– Такой человек у меня есть. Бывший поручик царской армии. В начале Первой мировой был вольноопределяющимся в пехотной части. Первую свою награду принимал из рук Брусилова. В ЧК с двадцать первого года. За это время проявил себя как истинный и горячий борец за дело революции, стойкий и непреклонный чекист.

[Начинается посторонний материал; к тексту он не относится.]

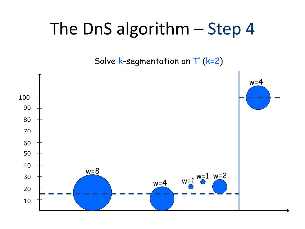 The DnS algorithm – Step 4 Solve k-segmentation on T’(k=2) w=4 100 90 80 70 60 50 40 w=8 w=2 w=1 30 w=1 w=4 20 10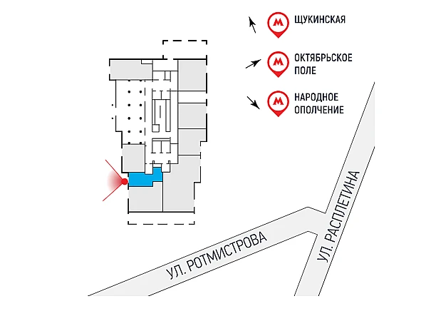 Предлагается в аренду торговое помещение площадью 27,1 кв.м от Застройщикана 1 этаже премиального жилого комплекса "Театральный квартал", по адресу: Москва, СЗАО, Щукино, ул. Ротмистрова, 2 (строительный к.4, Дом "Фомин") Срок ввода 4 квартал. 2025г.

Судоплатов специально уделил столько внимания заслугам своего сотрудника в царское время. Всеволод Николаевич Меркулов сам был в прошлом капитаном русской армии, потомственным дворянином. Мать Меркулова, урожденная Цинамдзгвришвили, происходила из грузинского княжеского рода.
Судоплатов, не ошибся. Характеристика, данная им своему сотруднику, в глазах Меркулова выглядела вполне убедительной.
Глава 2
16 марта 1939 года в старом чешском банке, расположенном в городке Хуст, было шумно. По всему зданию бегали люди в форме. Одни тащили ящики с патронами, другие набивали документами брезентовые мешки и выбрасывали их в окно. Штаб «Карпатской сечи» эвакуировался в авральном режиме.
Роман Шухевич заперся в своем кабинете. Он делал вид, что жжет штабные секретные документы, но по большей части выбирал то, что намеревался сохранить и увезти с собой. Это были бумаги, подтверждавшие связь многих лидеров Карпатской Украины и старших командиров сечи с разведками и политическими кругами Германии, Венгрии, Польши. В случае необходимости Шухевич мог обнародовать эти документы, дискредитировать многих важных персон и даже более того – спасти свою жизнь, выкупить ее, получить покровительство.
После раздела Чехословакии в результате так называемого Мюнхенского сговора в 1938 году объявило о своей независимости маленькое самопровозглашенное государство – Карпатская Украина. Это произошло сутки назад, 15 марта 1939 года. На ее территории действовала так называемая Организация народной обороны «Карпатская сечь». Кроме местных жителей, во вновь создаваемую армию пришло много выходцев из Галиции: Зенон Коссак, Евгений Врецьона. Да и он сам, Роман Шухевич, занявший пост начальника штаба «Карпатской сечи».
Но это государство и его, извините, армия просуществовали недолго, всего-навсего один день.
Одним из первых политических шагов лидера Карпатской Украины Августина Волошина стала телеграмма Адольфу Гитлеру:
«От имени правительства Карпатской Украины прошу Вас принять к сведению провозглашение нашей самостоятельности под охраной Немецкого Рейха.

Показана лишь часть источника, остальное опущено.